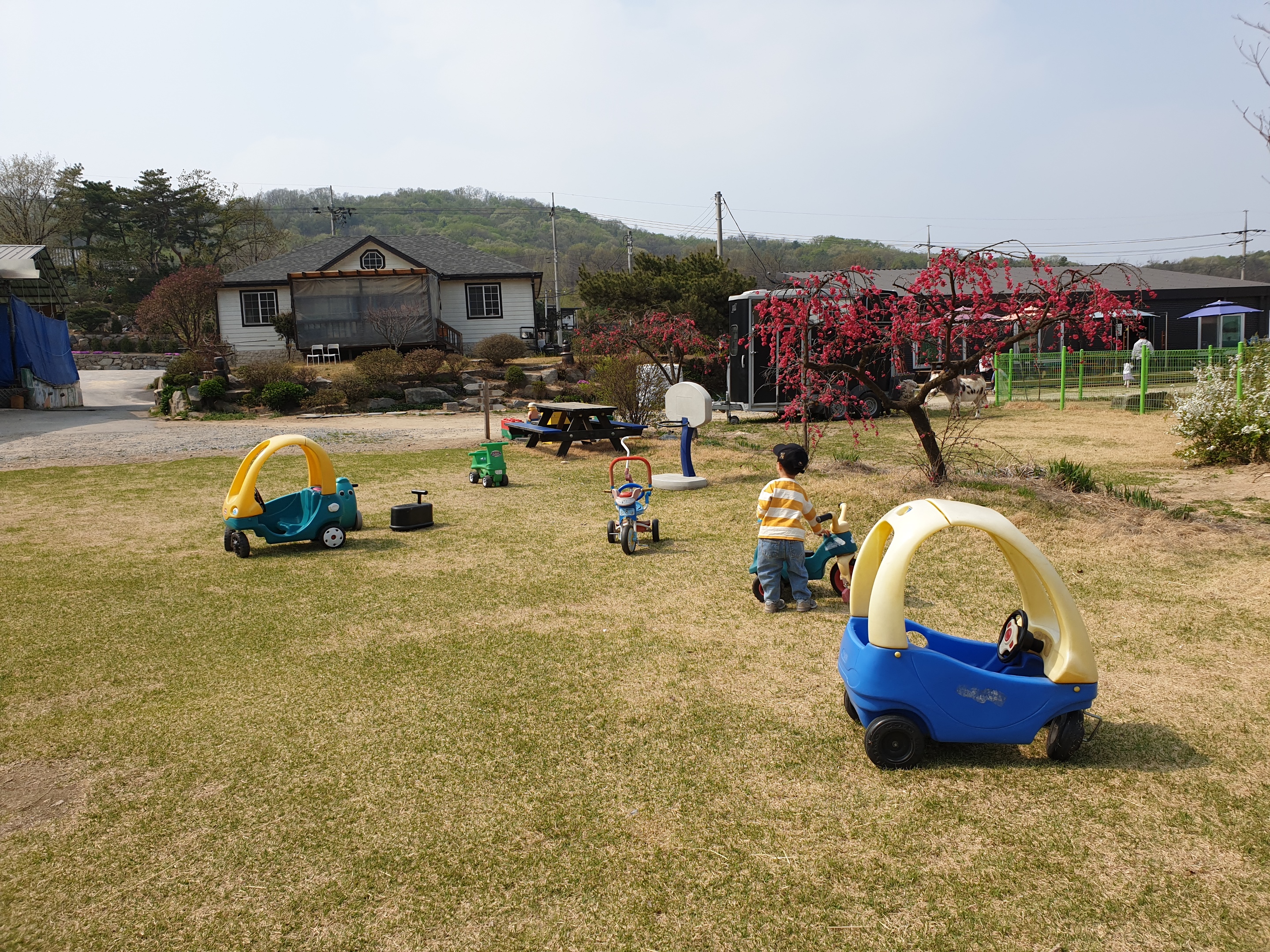 잔디밭이라서 다칠 위험은 없지만, 자동차를 끌고 다니기에는 불편하더라고요.
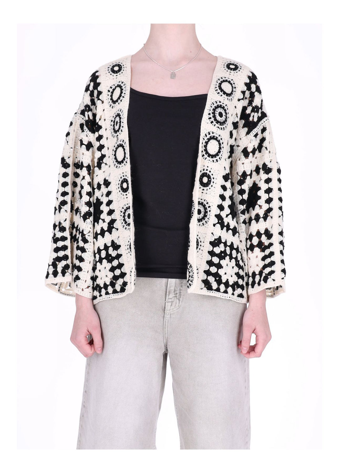 Strickjacke Häkel Damen offen kurz 3/4 Arm
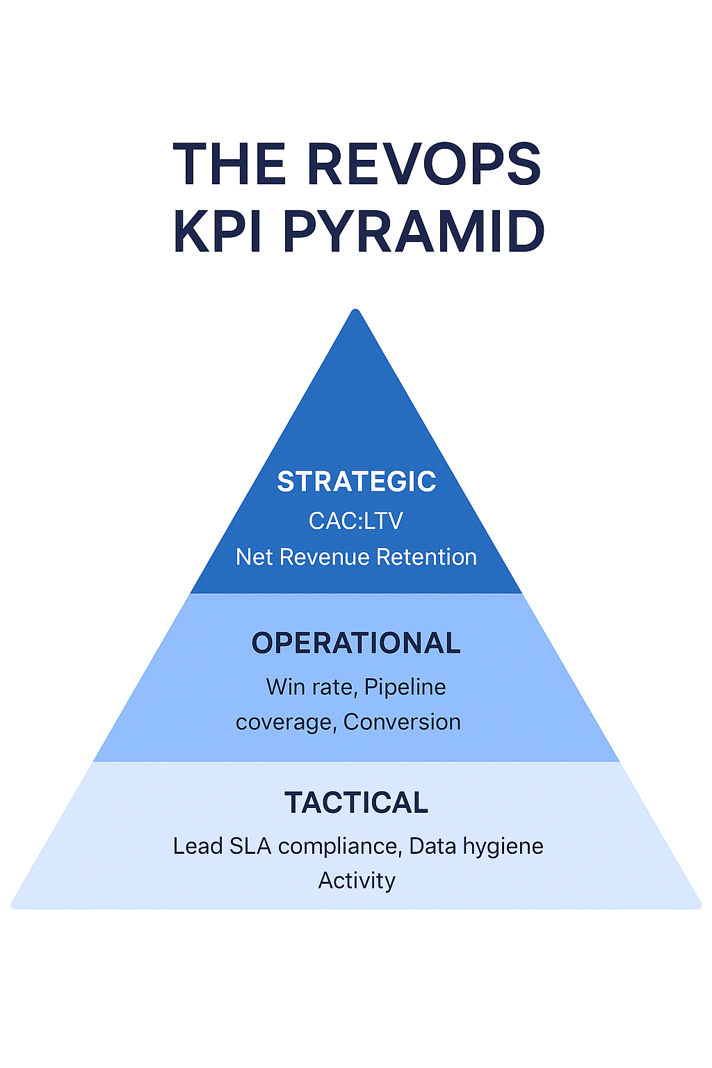 The RevOps KPI Pyramid is divided into three tiers — each with its own time horizon, purpose, and audience.

──────────

### What the task requires
The expected output is an exact copy of the lines from the one holding "Strickjacke Häkel Damen offen kurz 3/4 Arm" through the last line of the listing above, with the pictures omitted.

### Result
 Strickjacke Häkel Damen offen kurz 3/4 Arm
 The RevOps KPI Pyramid is divided into three tiers — each with its own time horizon, purpose, and audience.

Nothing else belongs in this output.